One critic, Shiv Visvanathan, a sociology professor, wrote in the Deccan Herald that the new design is “rewriting history and redoing architecture” with the “majoritarian logic” of the dominant Hindu population. Yet the new building also has simple, practical purpose. It replaces a century-old structure that is crumbling and technologically ill-equipped. Its cavernous chambers will accommodate more members – meaning, in theory, better representative democracy as India has become the world’s most populous nation.
But architecture is never solely about use. In light and structure, buildings can highlight beauty, perception, listening, and integrity.

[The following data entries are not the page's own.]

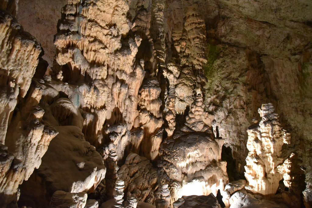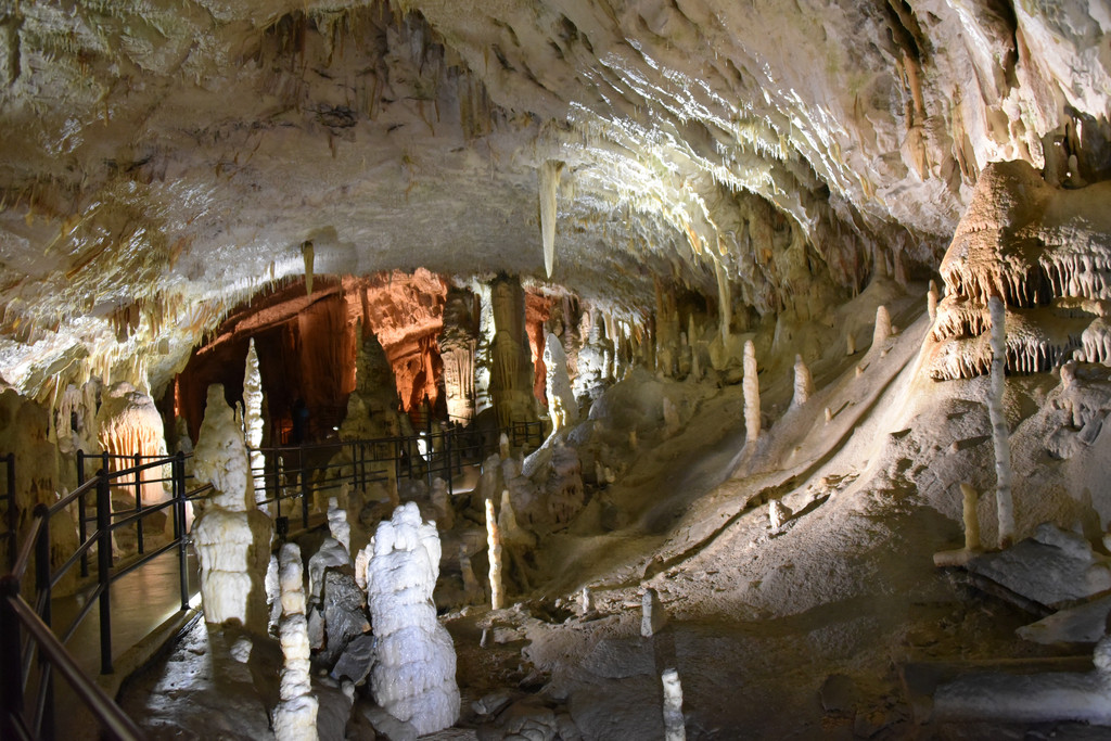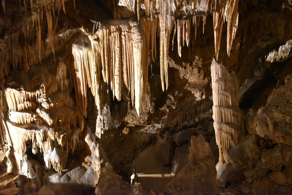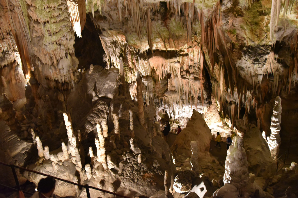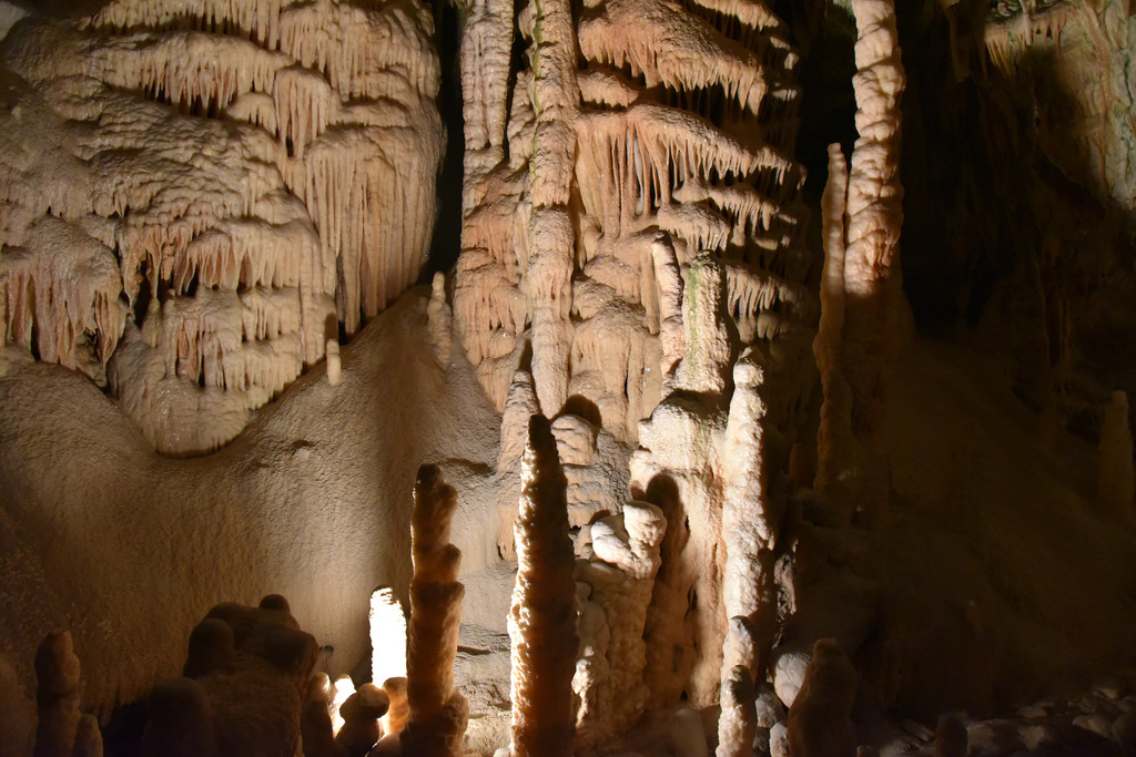 向前走,进入另一个厅,这里开始出现一些粗大的钟乳石,顶天立地,顶上垂下的石幔也开始变厚,变长,像帷幔,像伞盖,甚至像章鱼的须子。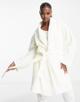 ASOS DESIGN – Gerippter Bademantel aus Kunstpelz mit Knitterstruktur in Creme
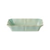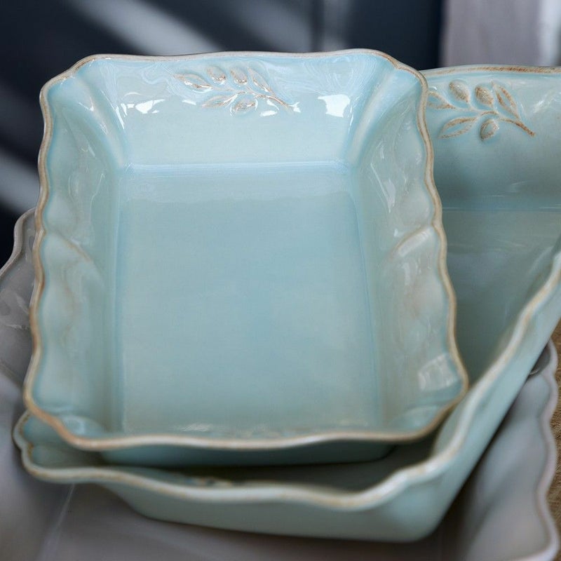 オリーブ柄がアクセント。お皿のフチが、ロマンチックでやさしい曲線を描くエレガントで温かい印象のレクタングルベイカー。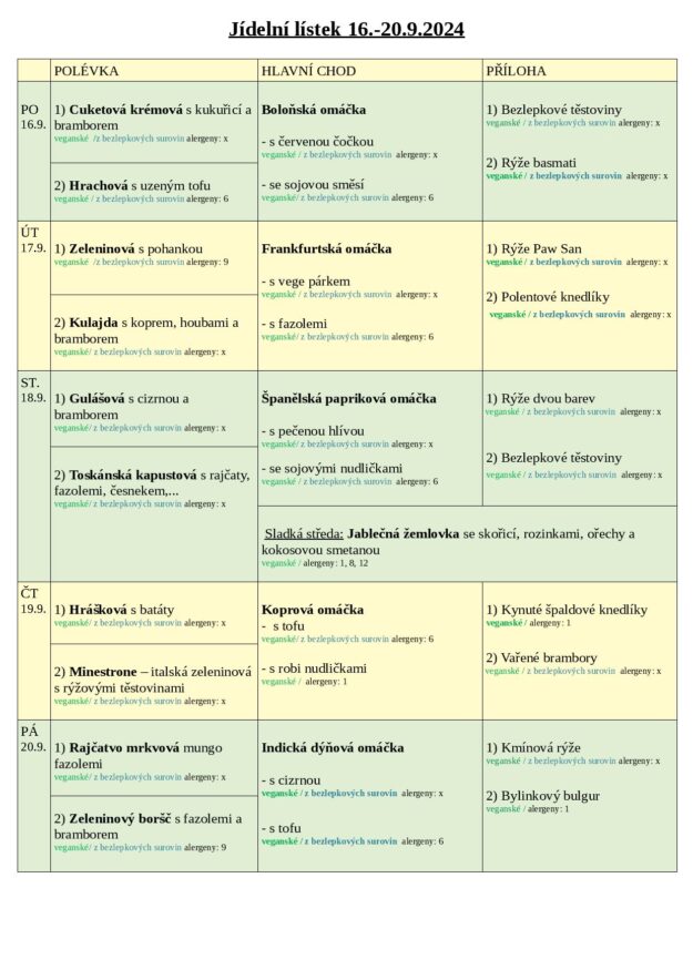 JÍDELNÍ LÍSTEK 16.-20.9. 2024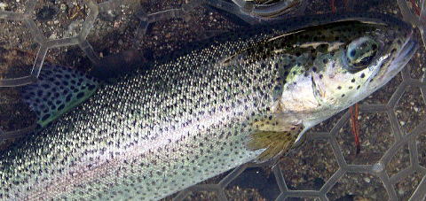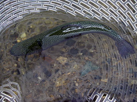 さっきから20分も経たないうちに3匹目がヒット、1匹目と同サイズのまたもやレインボウ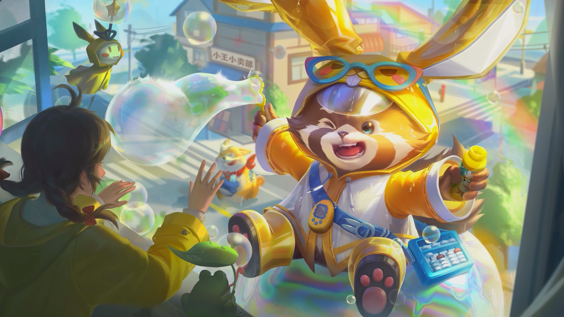 出场动画:梦奇抱着彩色大泡泡去找同伴玩耍。从皮肤名字和风格上来看,这跟阿古朵的顽趣属于同系列,但很奇怪的是居然变成了赛年皮肤。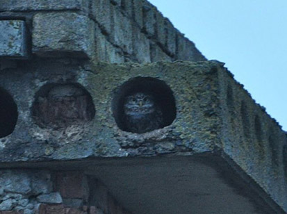 It has long been known that a little owl lives on the farm in the neighboring village. This time it was decided to check this place out and make sure that the owls are OK. A group has been specially outfitted and it confirmed the presence of a couple inhabiting the slabs in a transformer station.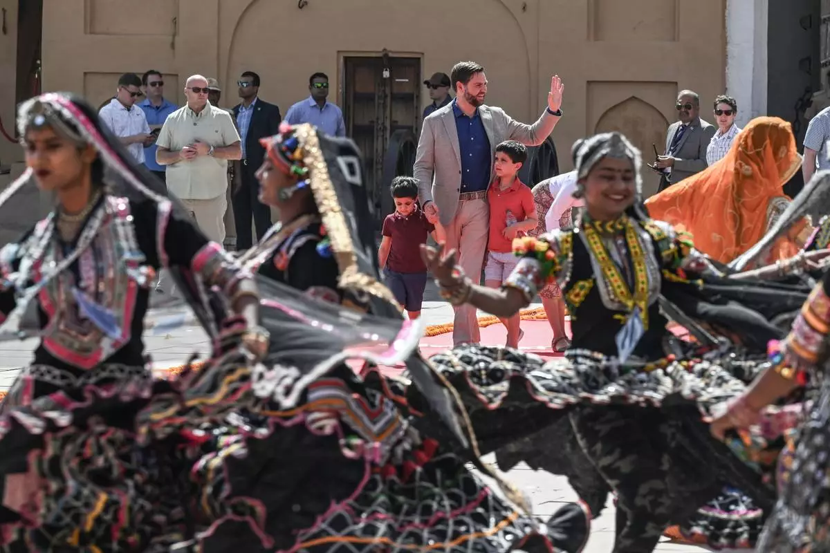 U.S. Vice President JD Vance and his sons, Vivek, left, and Ewan watch a cultural performance at Amber Fort, a historical site, in Jaipur, India, Tuesday, April 22, 2025. (Kenny Holston/The New York Times via AP, Pool)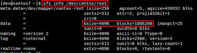 作为目标XFS文件系统来扩展,你可以指定挂载点、磁盘分区或者逻辑卷(在使用LVM时),使用数据块数量来指定新的XFS文件系统的大小。你可以使用xfs_info命令行工具来检查数据块大小和数量: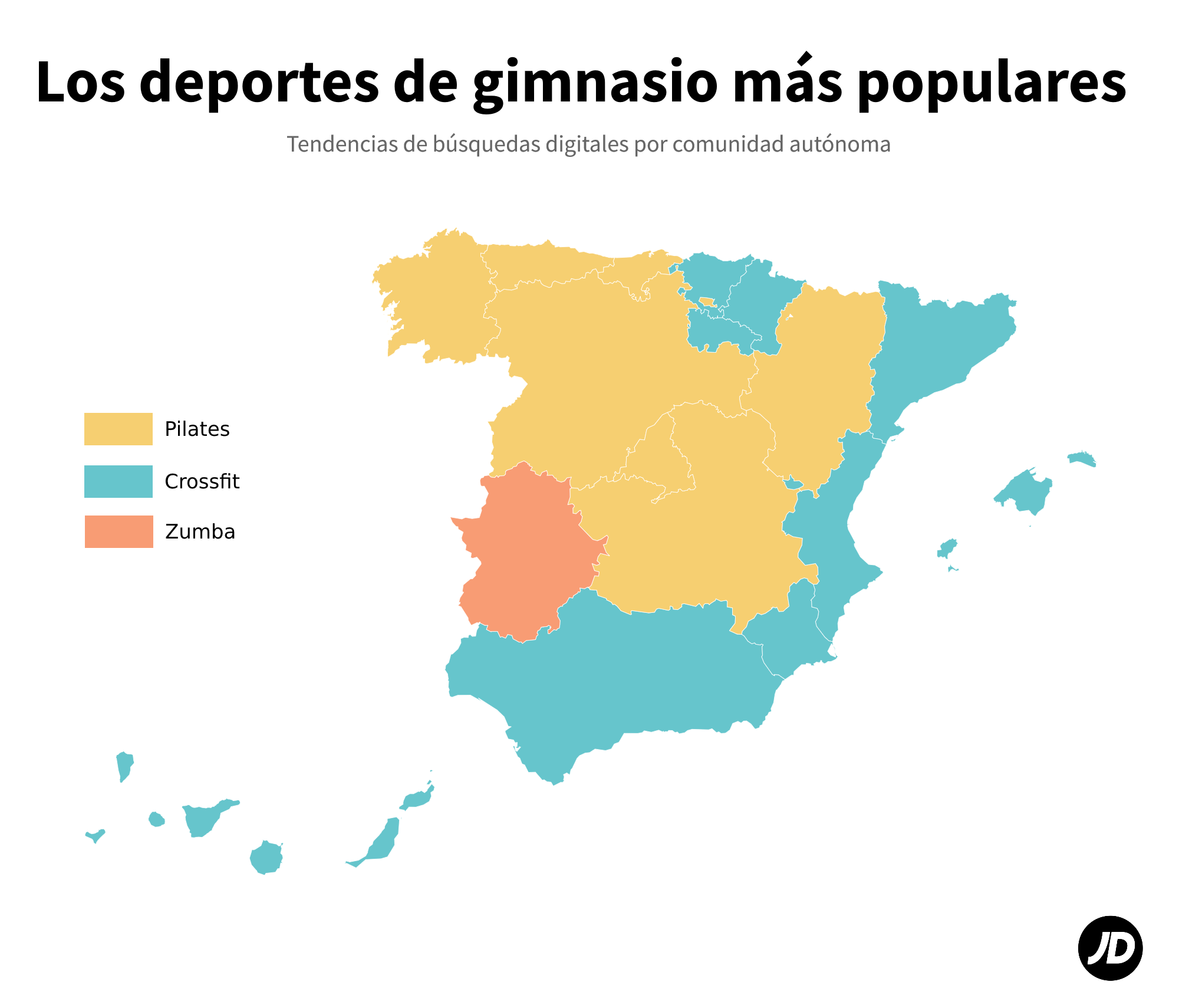 En JD Sports hemos recopilado los datos de búsquedas digitales en Google desde 2004 hasta abril de 2022 para descubrir cuál es el deporte de gimnasio más popular en cada comunidad autónoma de España. ¿Tienes curiosidad por saber la disciplina que más interesa en tu región? Aquí va el mapa:

As the visible expression of what the late British political scientist Ben Anderson called the “imagined community” of the nation-state, it projects power and identity.
The old Parliament, finished in 1927, was the centerpiece of a capital complex extolling British colonial rule. A vast circular structure, it evoked both the Roman Coliseum and a Hindu temple built in the state of Madhya Pradesh a thousand years ago – a deliberate attempt by its designer to impose Western concepts on Indian sensibilities. “Architecture, more than any other art, represents the intellectual progress of those that are in authority,” Edwin Lutyens, the architect, declared then.
Prime Minister Narendra Modi might very well agree. In December 2020, he laid the cornerstone for the new Parliament building as part of a broader project to assert a new national identity over the original imperial design of the capital complex. “It is a matter of pride for our countrymen that the new [Parliament] will be built by our own people as a prime example of [a self-reliant India],” said Speaker Om Birla on that occasion.
Mr. Modi’s critics point out that lawmakers neither debated nor approved the project. During his nine years in power, he has curtailed the rights of Muslims, eroded judicial independence, and targeted political opponents and journalists. The opening on Sunday coincides with the annual commemoration of the late founder of the Hindu nationalist ideology of Mr. Modi and his party.
Twenty opposition parties had vowed to boycott the building inauguration. In a joint statement on Wednesday, however, the 20 parties struck a note of reconciliation: “Despite our belief that the government is threatening democracy,” they remain “open to sinking our differences and marking this occasion.”
The architecture of a central government, said the late anthropologist Clifford Geertz, “marks the center as center.” Yet the vigorous debate stirred by India’s new Parliament building shows that democracy is proclaimed not by stone, but – as a former Indian Supreme Court justice once observed – “in due deference for the ideals of democracy and the rule of law.”